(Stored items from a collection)
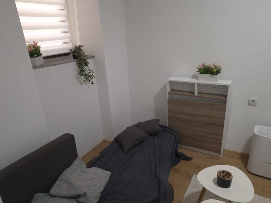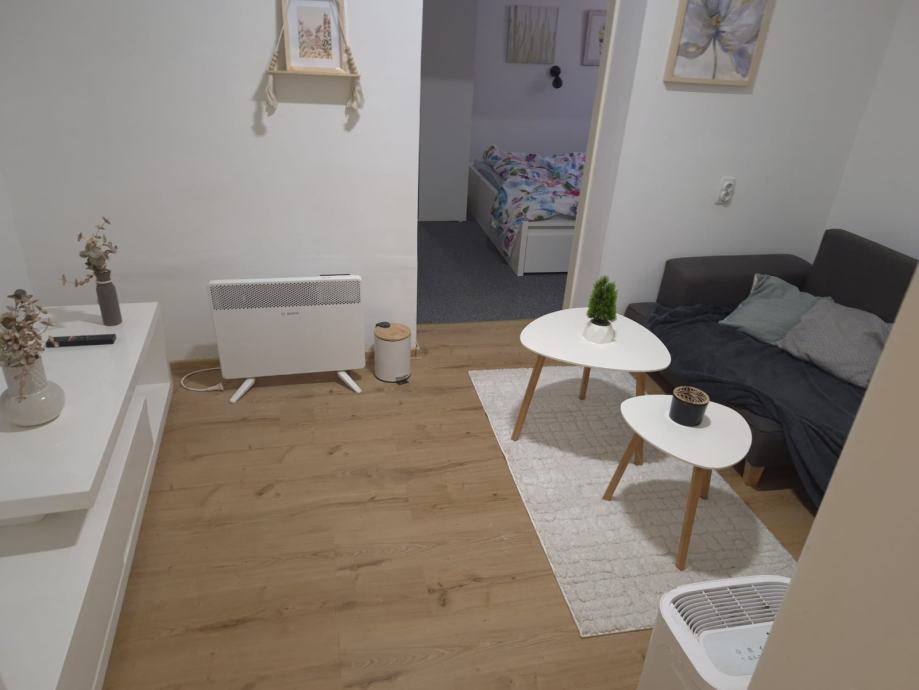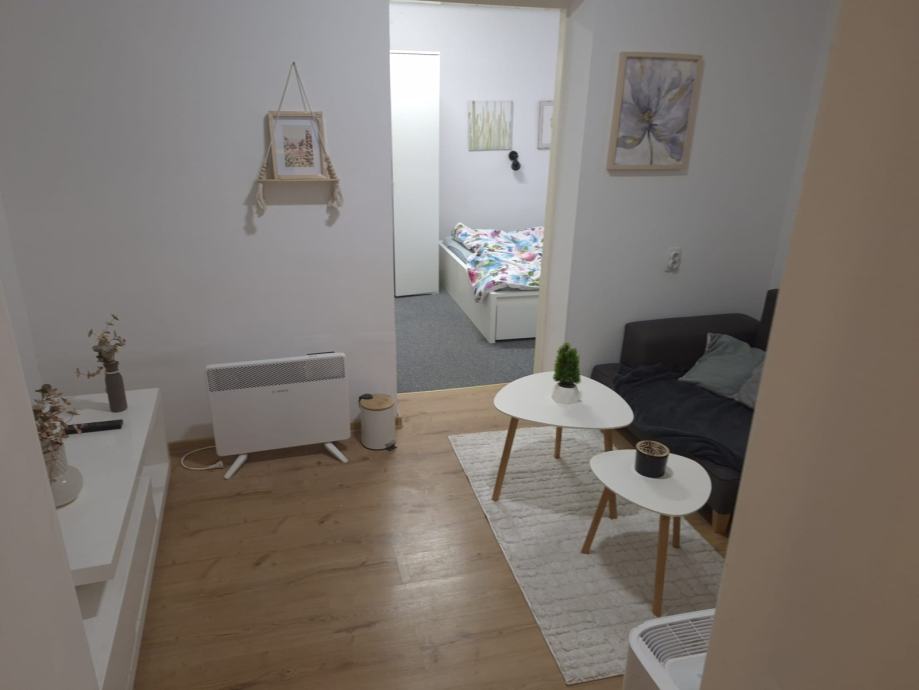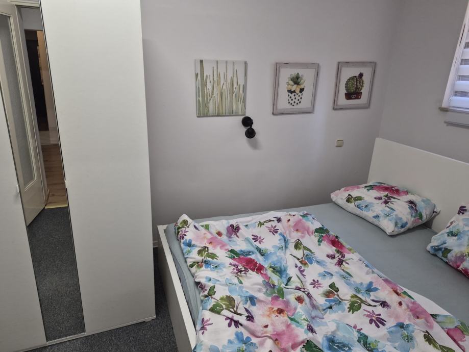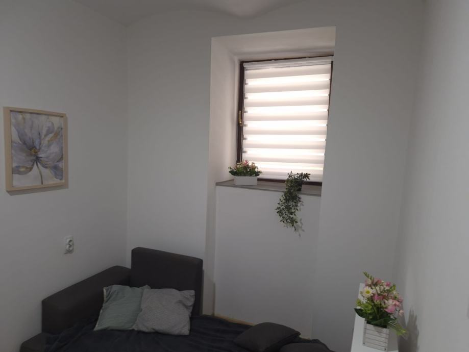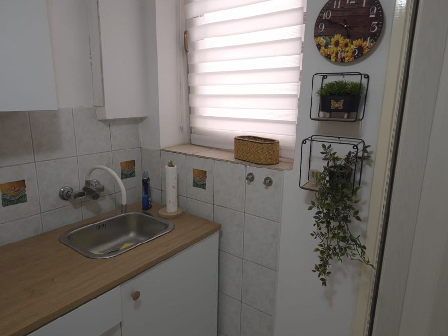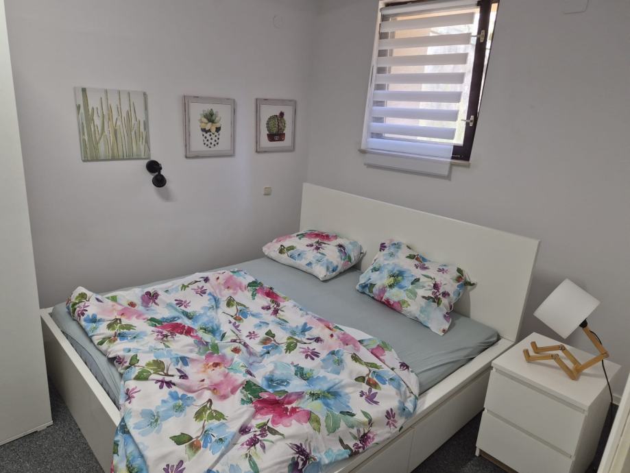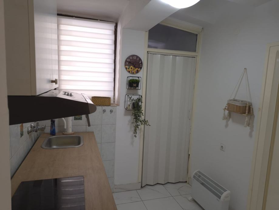 Kvadratura: 39 m², funkcionalno uređen prostor u suterenu, velika spavaca soba od 15 kvadrata u koju komotno stane jos jedan krevet i ormar sa suprotne strane. Uz to ima dnevni boravak, kuhinju, kupaonu sa tus kabinom, i dva spremista(jedan u hodniku jedan u kuhinji). Jako dobar tlocrt
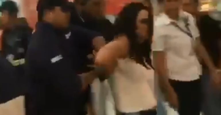 Ela chegou a subir em uma das mesas da praça de alimentação para pedir respeito e anunciar que chamaria a polícia mas, sob os aplausos de alguns dos presentes e protestos de outros, foi expulsa pelos seguranças.
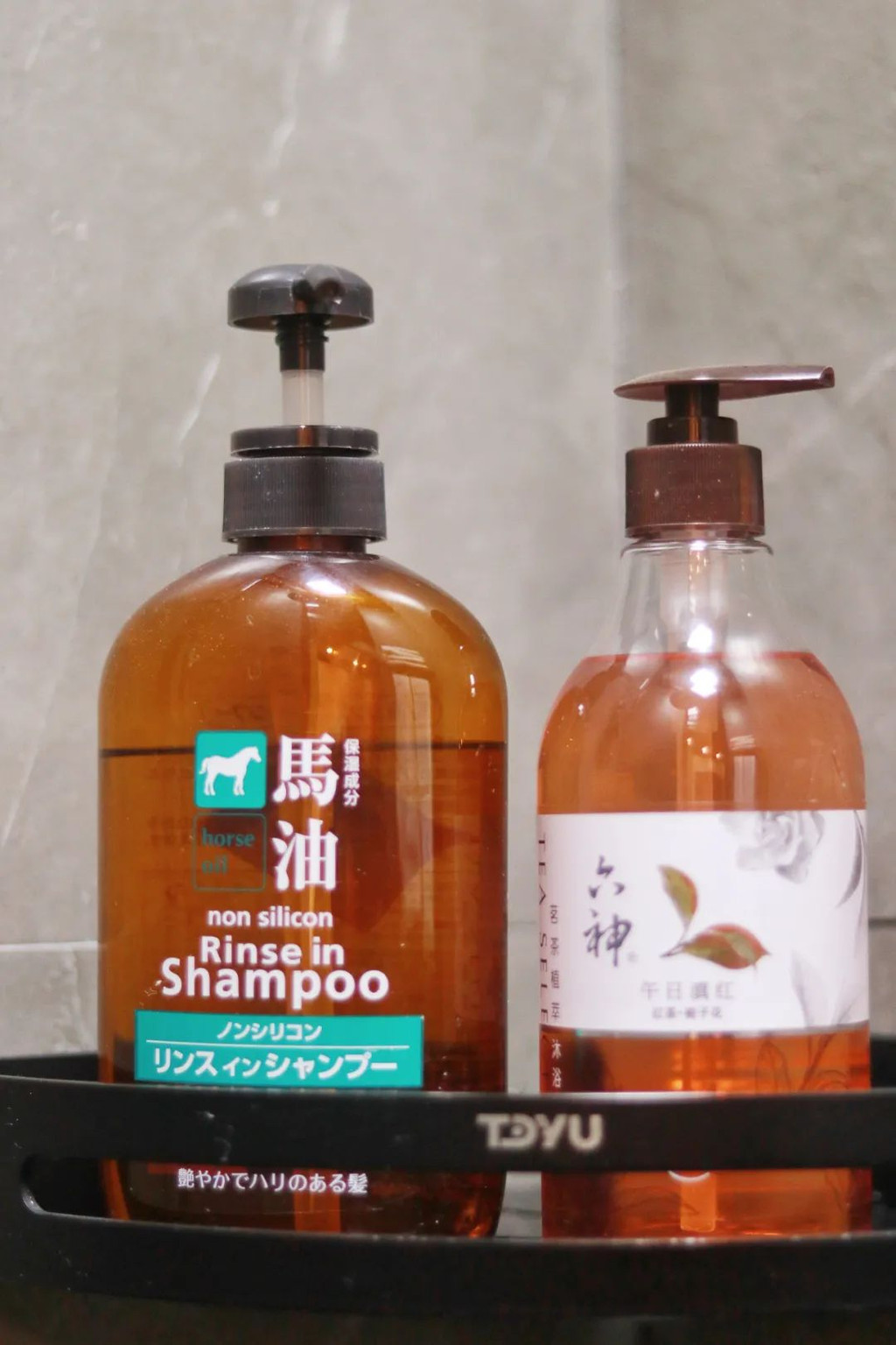 来自日本原产的大瓶装马油洗发水,还有非常点题的六神“午日滇红”沐浴露。在此吹爆国货六神,断货王“滇红”为代表的中国茶系列,气味极其高级、质感极其细腻,容易冲水不紧绷,酒店的选品非常有眼光,我马上被种草下了单!
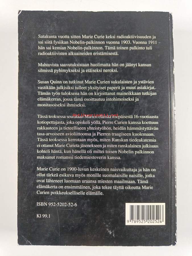 Muu(t) tekijä(t): Kimmo PietiläinenAlkuteos: Marie Curie : a lifeAsiasanat: elämäkerrat, tiedenaiset, kemistit
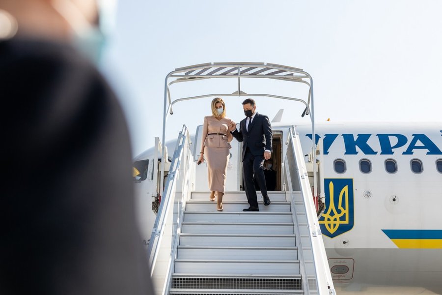 Дружина Володимира Зеленського традиційно вбралася в речі від українських майстрів, продемонструвавши любов до вітчизняних дизайнерів. Коли вона спускалася трапом літака, на ній був костюм ніжно-рожевого кольору бренду Lake Studio, що складається з приталеного жакета та спідниці-міді з шовку та кашеміру, з нової колекції THE SEEDS. Зазначимо, що перша леді найчастіше вибирає саме цю довжину.
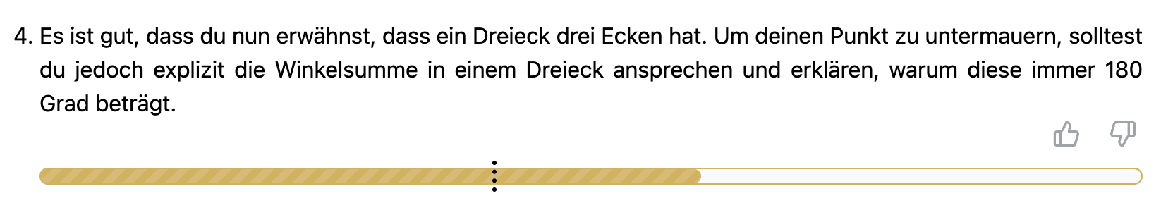 Interessanterweise waren sogar Schüler*innen, die sonst nicht gerne Texte schreiben, motiviert dabei. Bei ihnen war zu beobachten, dass aus der ersten Eingabe, die nur aus einem einzigen Satz bestand („Die Aussage ist falsch, weil ein stumpfer Winkel immer größer als 90° ist.“), in der Überarbeitung tatsächlich deutlich längere, bessere oder sogar gute Begründungen wurden.
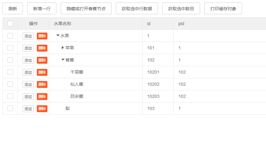 6、【增加】方法式打开或折叠任意节点(table.treeNodeOpen(o,isOpen))
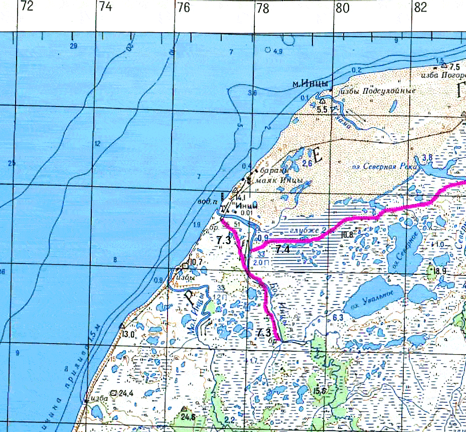 Лоция дает представление и о том, как жили поморы в то время. Сообщается, к примеру, что где-то в полутора верстах на правом берегу реки Большая Инца есть одноименное маяку селение из семи домов. Живут в нем 59 человек. На эти семь домов приходится: коров с быками 12 голов, 30 овец и лодок с карбасами 29 штук! Поделите примерно это хозяйство на количество домов и догадаетесь, что отнюдь не бедовали поморы на рубеже века на глухом архангельском берегу.

GOAL OF THE EXERCISE: Your answer must be the full set of entries, set down exactly and without pictures.

ANSWER BOX:
 Kvadratura: 39 m², funkcionalno uređen prostor u suterenu, velika spavaca soba od 15 kvadrata u koju komotno stane jos jedan krevet i ormar sa suprotne strane. Uz to ima dnevni boravak, kuhinju, kupaonu sa tus kabinom, i dva spremista(jedan u hodniku jedan u kuhinji). Jako dobar tlocrt
 Ela chegou a subir em uma das mesas da praça de alimentação para pedir respeito e anunciar que chamaria a polícia mas, sob os aplausos de alguns dos presentes e protestos de outros, foi expulsa pelos seguranças.
 来自日本原产的大瓶装马油洗发水,还有非常点题的六神“午日滇红”沐浴露。在此吹爆国货六神,断货王“滇红”为代表的中国茶系列,气味极其高级、质感极其细腻,容易冲水不紧绷,酒店的选品非常有眼光,我马上被种草下了单!
 Muu(t) tekijä(t): Kimmo PietiläinenAlkuteos: Marie Curie : a lifeAsiasanat: elämäkerrat, tiedenaiset, kemistit
 Дружина Володимира Зеленського традиційно вбралася в речі від українських майстрів, продемонструвавши любов до вітчизняних дизайнерів. Коли вона спускалася трапом літака, на ній був костюм ніжно-рожевого кольору бренду Lake Studio, що складається з приталеного жакета та спідниці-міді з шовку та кашеміру, з нової колекції THE SEEDS. Зазначимо, що перша леді найчастіше вибирає саме цю довжину.
 Interessanterweise waren sogar Schüler*innen, die sonst nicht gerne Texte schreiben, motiviert dabei. Bei ihnen war zu beobachten, dass aus der ersten Eingabe, die nur aus einem einzigen Satz bestand („Die Aussage ist falsch, weil ein stumpfer Winkel immer größer als 90° ist.“), in der Überarbeitung tatsächlich deutlich längere, bessere oder sogar gute Begründungen wurden.
 6、【增加】方法式打开或折叠任意节点(table.treeNodeOpen(o,isOpen))
 Лоция дает представление и о том, как жили поморы в то время. Сообщается, к примеру, что где-то в полутора верстах на правом берегу реки Большая Инца есть одноименное маяку селение из семи домов. Живут в нем 59 человек. На эти семь домов приходится: коров с быками 12 голов, 30 овец и лодок с карбасами 29 штук! Поделите примерно это хозяйство на количество домов и догадаетесь, что отнюдь не бедовали поморы на рубеже века на глухом архангельском берегу.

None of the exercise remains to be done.